## Your task
From the entries below, return every line that includes the word "حوزه".

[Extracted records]

---------------

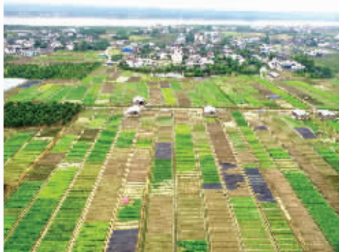
长沙市天心区南托街道沿江村蔬菜种植基地。
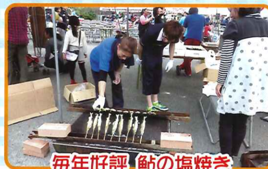
毎年好評 鮎の塩焼き
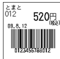
135_JAN13_税込価格(上)_連動無_日付入
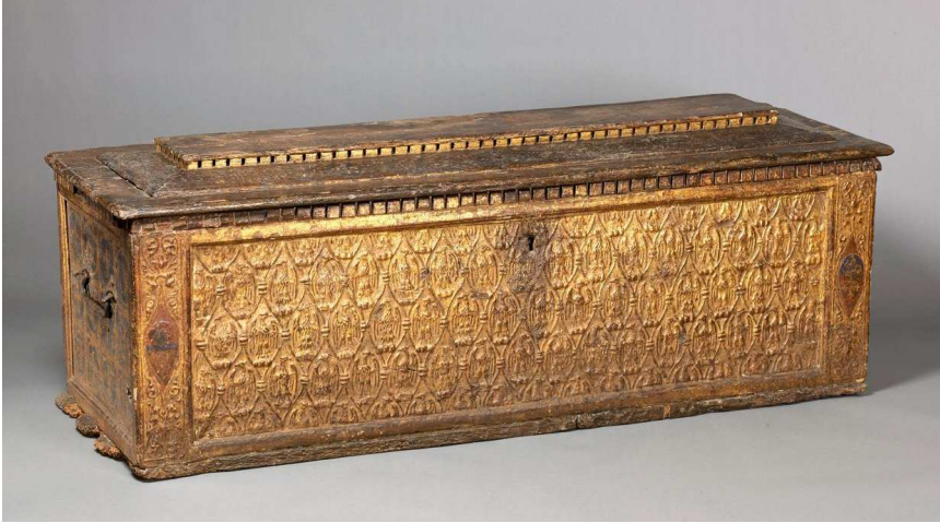
Fig. 3 - Cassapanca, legno di pino e pioppo, gesso, parzialmente dorato, modellato e dipinto, 1425-50, Italia (Toscana, Firenze o Siena). New York, Metropolitan Museum of Art (pubblico dominio).
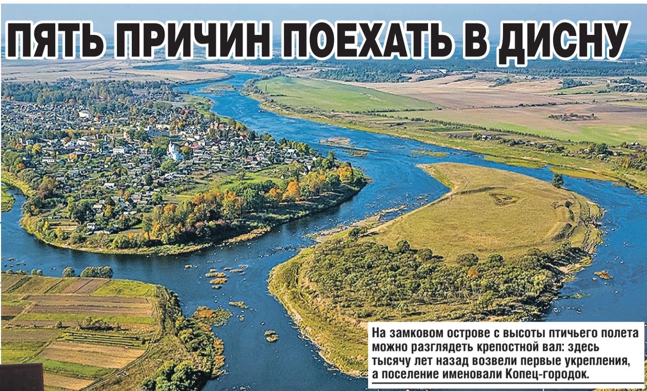
На замковом острове с высоты птичьего полета можно разглядеть крепостной вал: здесь тысячу лет назад возвели первые укрепления, а поселение именовали Копец-городок.
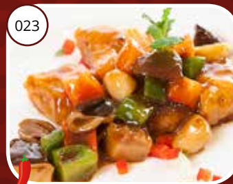
Shiu Kôh Yù (GV, LV) Tongfilet in vruchtensaus Fish filet with fruit sauce
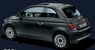
735 Tech-House Grey
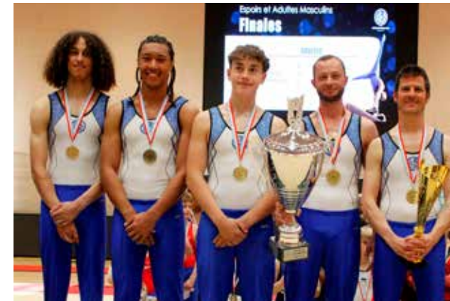
© Text & Fotos: Romain Welter
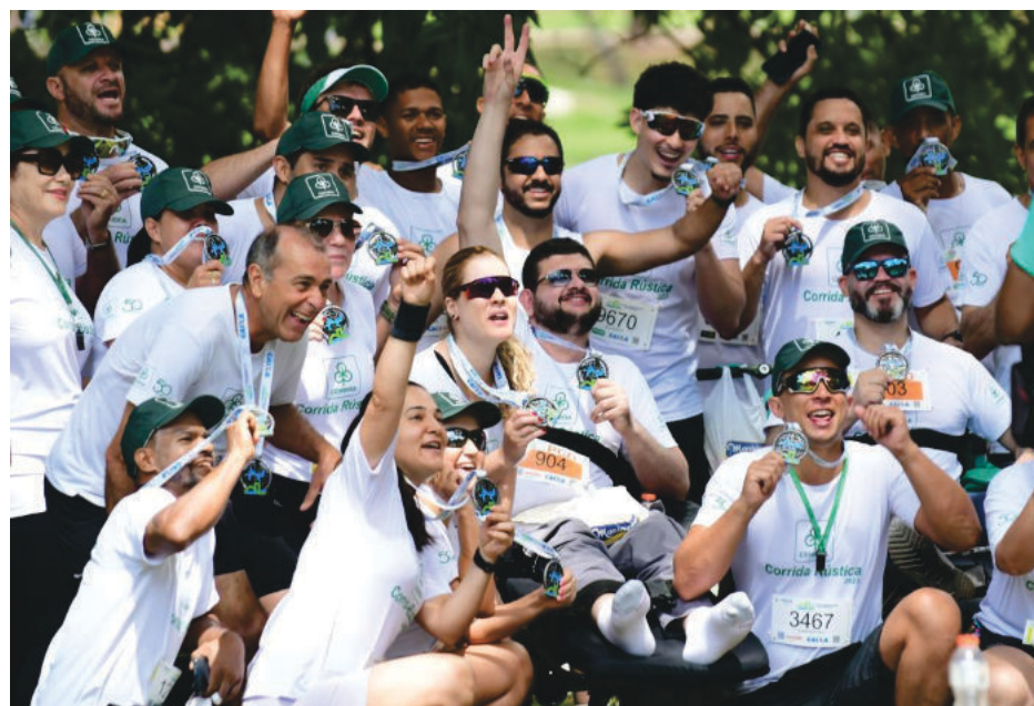
Colaboradores da Cenibra em foto com medalhas da corrida

calizada no leste de Minas Gerais, a Celulose Nipo-Brasileira S.A. (Cenibra) opera com uma unidade industrial em Belo Oriente, com duas linhas de produção de celulose branqueada de fibra curta de eucalipto e capacidade instalada de 1,2 milhão de toneladas/ano. A empresa está presente em mais de 80 municípios mineiros, com cerca de sete mil empregos diretos.
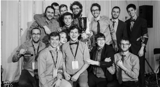
CS Games, mars 2017.

Finalement, nous encourageons et diffusons sur les médias sociaux les activités externes qui sont d'intérêt pour nos membres tels que les meetups, les hackathons et autres.
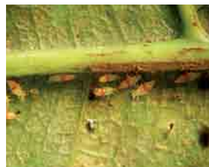
Ninfas de S. rubrocinctus , mostrando la banda roja en el abdomen
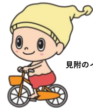
見附のイメージキャラクター ミッケ
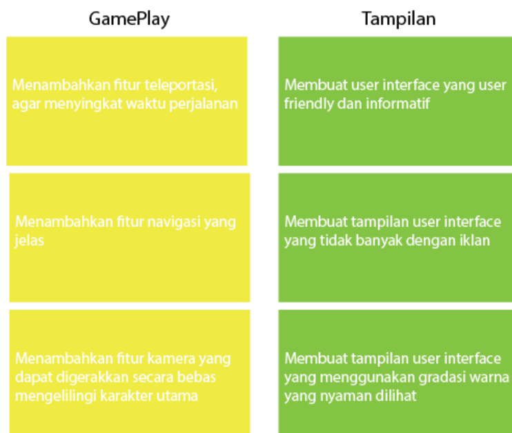
Gambar 3. Affinity Map Solusi

Pada tahapan ini menggunakan informasi sebelumnya untuk menghasilkan ide. Selama tahap brainstorming , dapat menghasilkan ide-ide yang menjadi solusi dari masalah yang akan dipecahkan pengguna. Ide-ide yang telah dikumpulkan akan diseleksi untuk menentukan solusi yang terbaik untuk memecahkan masalah, hal ini dapat dibuat dalam bentuk Affinity Map [13].
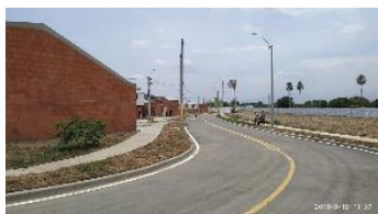
Adecuaciones de zonas verdes y andenes. Ciudad del Valle – Candelaria
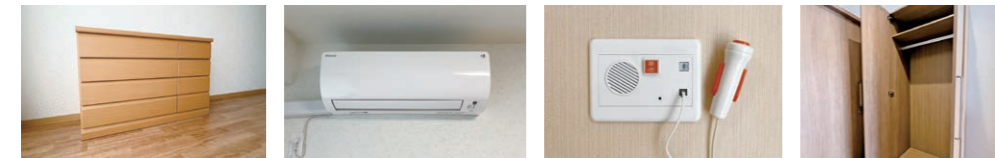
ローチェスト 居室エアコン(冷暖房) 緊急通報装置(2箇所) クローゼット
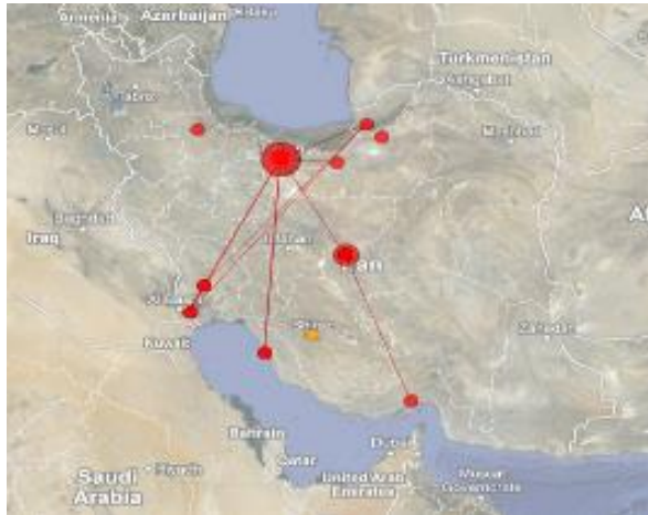
تصویر ۲. توزیع جغرافیایی انتشارات علمی در حوزه موضوعی آلودگی دریایی در ایران

به عبارت دیگر، نوعی همگونی در توزیع تحقیقات علمی در این حوزه با قابلیت‌های جغرافیایی موجود در مناطق جنوبی کشور وجود دارد، اما این مهم در سطح کشور نشان‌دهنده نبود رابطه مستقیم میان توزیع انتشارات علمی و قابلیت‌های جغرافیایی در حوزه موضوعی آلودگی دریایی است.
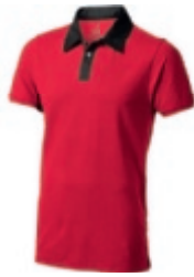
25 red-anthracite 1 2 3
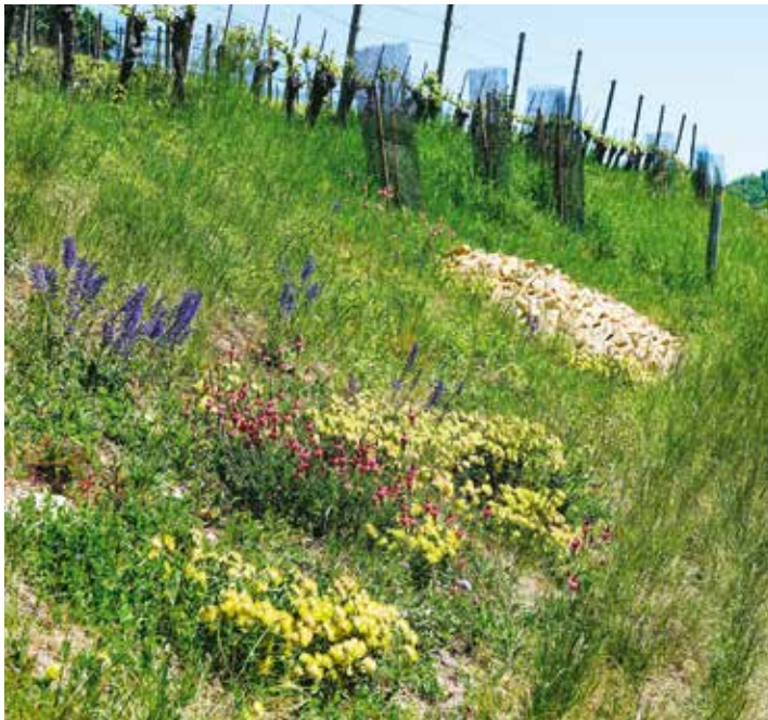
Steinlinse in geschürfter Böschung

Text und Bild Martin Erdmann, Projektleiter, Naturschutzverein MuttENZ
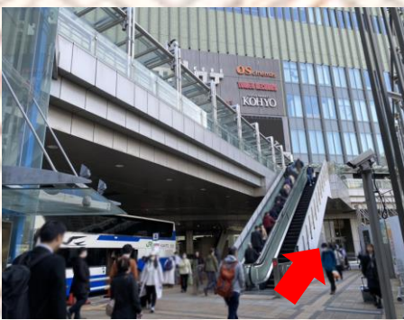
三宫巴士总站 (MINT神戸1楼)

●换票方法： 请至三宫巴士总站 (MINT神戸) 内JR巴士售票柜台，出示您的电子票二维码。预约去程 (三宫→有马温泉) 和回程 (有马温泉→三宫) 的班次及座位，兑换往返乘车券。 (往返乘车券的有效期间为3天。无论是当天往返或者是在温泉旅馆住宿时使用都很方便。) ·自乘车日的1个月1天前的上午十点开始受理换票。 例) 【预计搭乘日：05月01日】→1天前：04月30日→1个月前→【03月30日 AM10:00开始可以换票】 ●使用方法： 兑换的纸质乘车券，请在搭乘巴士时向司机出示。 ※巴士全车指定座席。仅出示电子票的二维码，将无法搭乘，请务必提前至换票窗口换票。
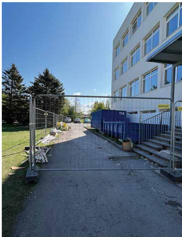
Väljas on töösoon piiratud aiaga.
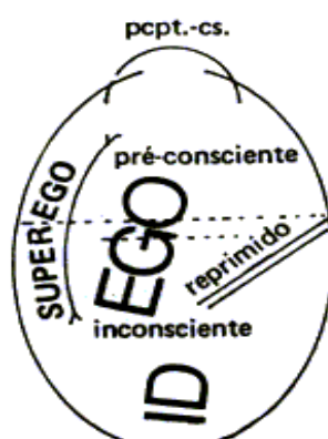
Fig. 1- Esquema do aparelho psíquico

Em 1953, o psicanalista francês, Jacques Lacan, percebendo que alguns discípulos estavam equivocados quanto à interpretação de muitos conceitos freudianos, propõe um retorno à obra do mestre, a fim de recuperar, entre outros, o conceito de inconsciente que, segundo ele, ficou relegado a um segundo plano. A partir dos escritos de Freud, Lacan amplia a teoria psicanalítica, estabelecendo uma estreita relação desta com a Linguística de Ferdinand de Saussure e a Antropologia de Claude Lévi Strauss, em que se apoia para formular o axioma o inconsciente é estruturado como uma linguagem (LACAN, 1998, p.25), “por meio do qual Lacan trouxe a psicanálise de volta a seu campo específico — o da linguagem —, do qual precisamente os analistas pós-freudianos haviam se afastado.” (JORGE, 2005, p.65). Para Lacan, portanto, são as leis da estrutura significante que regem o inconsciente. Sendo assim, o campo de ação da psicanálise situa-se na fala, onde o inconsciente se revela, através dos fenômenos que surgem nas lacunas das manifestações conscientes: o sonho, o lapso, o chiste, o ato falho, o esquecimento, denominados pelo psicanalista francês de formações do inconsciente , e os sintomas.
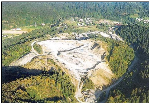
Fot. 2. Widok KSS „Wisła” z lotu ptaka (www.ksswisla.pl) Photo. 2. Bird's eye view of KSS „Wisła” (www.ksswisla.pl)

W wyniku odsłonięcia warstw skalnych widoczna jest budowa geologiczna. Występują tu dwie odmiany piaskowców z górnej kredy, zróżnicowane cyklicznością sedimentacyjną (fot. 3). Są to cienko- i gruboławicowe serie piaskowca z wkładkami łupków ilastych. Piaskowce gruboławicowe znajdują się w południowej części kamieniołomu, natomiast cienkoławicowe – w północnej. Ich miąższość sięga od 1 do 7 m (gruboławicowe) oraz od 5 cm do 50 cm (cienkoławicowe). W kierunku północnym grubość ławic piaskowca zmniejsza się i zaczynają pojawiać się wkładki ilaste, których miąższość w niektórych miejscach dochodzi nawet do 0,5 m (BOMBA, 2009).
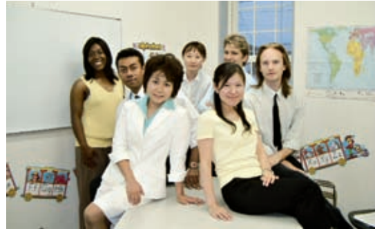
外国人講師たちと一緒に
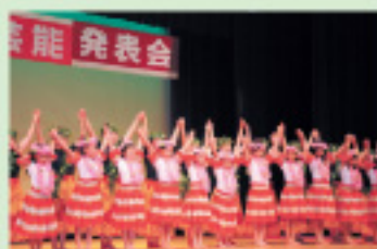
フラダンス教室発表会

町の文化協会を中心に、シニア世代が講師となり、子ども向けの講座を開催しています。子どもたちに様々な体験の機会とふれあいの場を提供し、同時に子どもたちから元気もらっています。
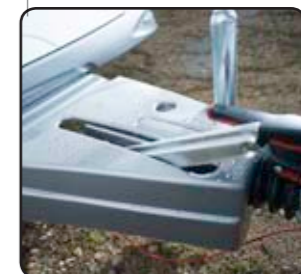
Protector lanza (opcional) Copri timone (optional)
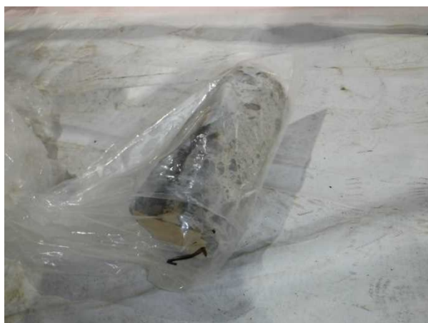
【写真6】 抜き出したコア
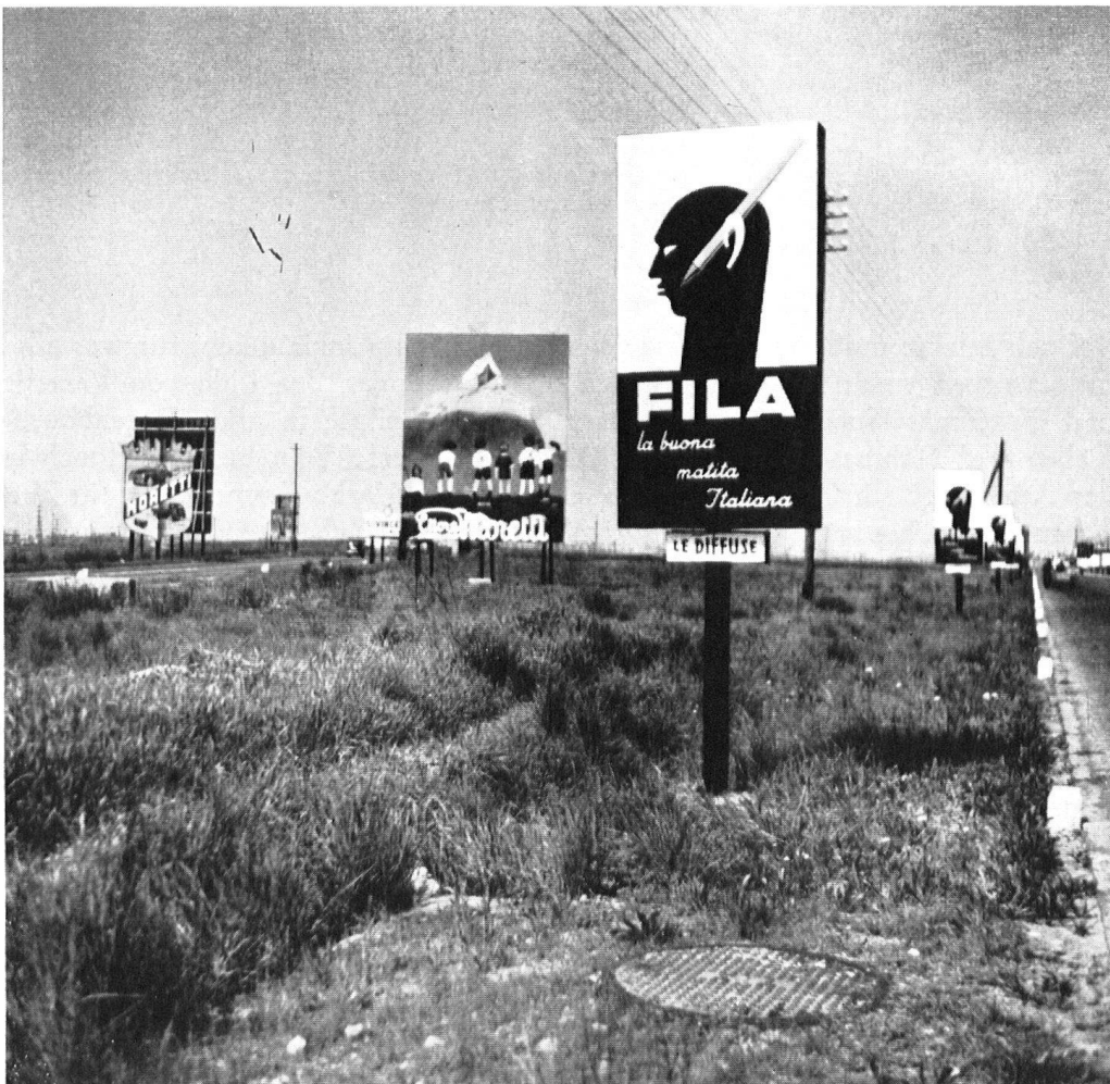
»Straßenlandschaft« zwischen Mailand und Como.

Doch wer auf den Autostraßen der Lombardei und jenseits der Apenninen fährt, der bekommt und hat genug, wirklich genug! Für den unschuldigen Schweizer und gar den Heimatschützer ist eine solche Reise einfach fürchterlich. Davon geben unsere Bilder einen bescheidenen Eindruck, wenn auch die Farben leider fehlen.
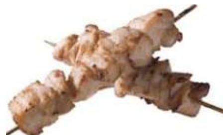
71211 HÄHNCHENFILETSPIESS gegart u. gebräunt, TK, 30 x ca. 125 g/Karton
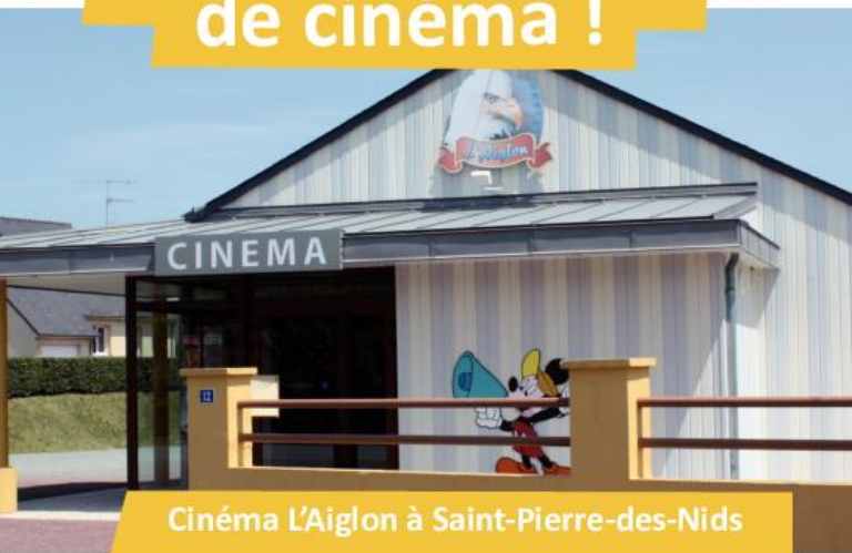
Cinéma L'Aiglon à Saint-Pierre-des-Nids

---------------

## Solution to this task
تصویر ۲. توزیع جغرافیایی انتشارات علمی در حوزه موضوعی آلودگی دریایی در ایران
به عبارت دیگر، نوعی همگونی در توزیع تحقیقات علمی در این حوزه با قابلیت‌های جغرافیایی موجود در مناطق جنوبی کشور وجود دارد، اما این مهم در سطح کشور نشان‌دهنده نبود رابطه مستقیم میان توزیع انتشارات علمی و قابلیت‌های جغرافیایی در حوزه موضوعی آلودگی دریایی است.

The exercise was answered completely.